-- Action item --
Every line containing "that" should be copied out. Go through the entries and find them.

(Dataset excerpts)
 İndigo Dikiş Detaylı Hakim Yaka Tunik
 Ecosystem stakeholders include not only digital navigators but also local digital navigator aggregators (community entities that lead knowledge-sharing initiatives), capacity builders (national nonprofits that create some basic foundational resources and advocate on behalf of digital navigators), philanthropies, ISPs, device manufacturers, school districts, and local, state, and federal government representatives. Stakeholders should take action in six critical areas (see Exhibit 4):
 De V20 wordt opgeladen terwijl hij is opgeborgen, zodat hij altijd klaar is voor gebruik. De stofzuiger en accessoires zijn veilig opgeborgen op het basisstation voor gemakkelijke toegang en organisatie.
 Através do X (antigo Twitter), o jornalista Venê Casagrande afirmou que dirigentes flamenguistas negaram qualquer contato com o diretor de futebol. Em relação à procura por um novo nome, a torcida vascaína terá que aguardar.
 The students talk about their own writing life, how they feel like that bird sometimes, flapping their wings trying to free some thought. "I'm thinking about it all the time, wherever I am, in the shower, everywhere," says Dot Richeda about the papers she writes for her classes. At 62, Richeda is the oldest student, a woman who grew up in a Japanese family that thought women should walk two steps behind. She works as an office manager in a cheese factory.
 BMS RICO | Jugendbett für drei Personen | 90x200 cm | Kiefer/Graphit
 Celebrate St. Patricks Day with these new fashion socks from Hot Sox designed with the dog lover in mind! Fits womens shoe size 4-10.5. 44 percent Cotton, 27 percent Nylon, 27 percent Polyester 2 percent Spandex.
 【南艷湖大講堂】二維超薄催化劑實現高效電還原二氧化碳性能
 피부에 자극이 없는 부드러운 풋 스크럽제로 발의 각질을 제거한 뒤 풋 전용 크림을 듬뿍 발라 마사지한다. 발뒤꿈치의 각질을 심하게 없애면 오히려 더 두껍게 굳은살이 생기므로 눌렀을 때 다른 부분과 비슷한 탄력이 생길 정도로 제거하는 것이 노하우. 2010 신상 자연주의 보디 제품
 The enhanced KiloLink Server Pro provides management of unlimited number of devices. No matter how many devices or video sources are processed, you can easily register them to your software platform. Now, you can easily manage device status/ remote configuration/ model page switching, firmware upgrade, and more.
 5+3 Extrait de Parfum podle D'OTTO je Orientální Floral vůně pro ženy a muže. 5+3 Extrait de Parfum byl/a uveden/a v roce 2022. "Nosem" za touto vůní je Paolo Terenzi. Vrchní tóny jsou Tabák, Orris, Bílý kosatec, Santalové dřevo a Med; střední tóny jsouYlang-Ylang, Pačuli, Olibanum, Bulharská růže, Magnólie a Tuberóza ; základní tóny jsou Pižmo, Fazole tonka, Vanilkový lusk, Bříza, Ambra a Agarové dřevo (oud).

-- Written response --
 Ecosystem stakeholders include not only digital navigators but also local digital navigator aggregators (community entities that lead knowledge-sharing initiatives), capacity builders (national nonprofits that create some basic foundational resources and advocate on behalf of digital navigators), philanthropies, ISPs, device manufacturers, school districts, and local, state, and federal government representatives. Stakeholders should take action in six critical areas (see Exhibit 4):
 The students talk about their own writing life, how they feel like that bird sometimes, flapping their wings trying to free some thought. "I'm thinking about it all the time, wherever I am, in the shower, everywhere," says Dot Richeda about the papers she writes for her classes. At 62, Richeda is the oldest student, a woman who grew up in a Japanese family that thought women should walk two steps behind. She works as an office manager in a cheese factory.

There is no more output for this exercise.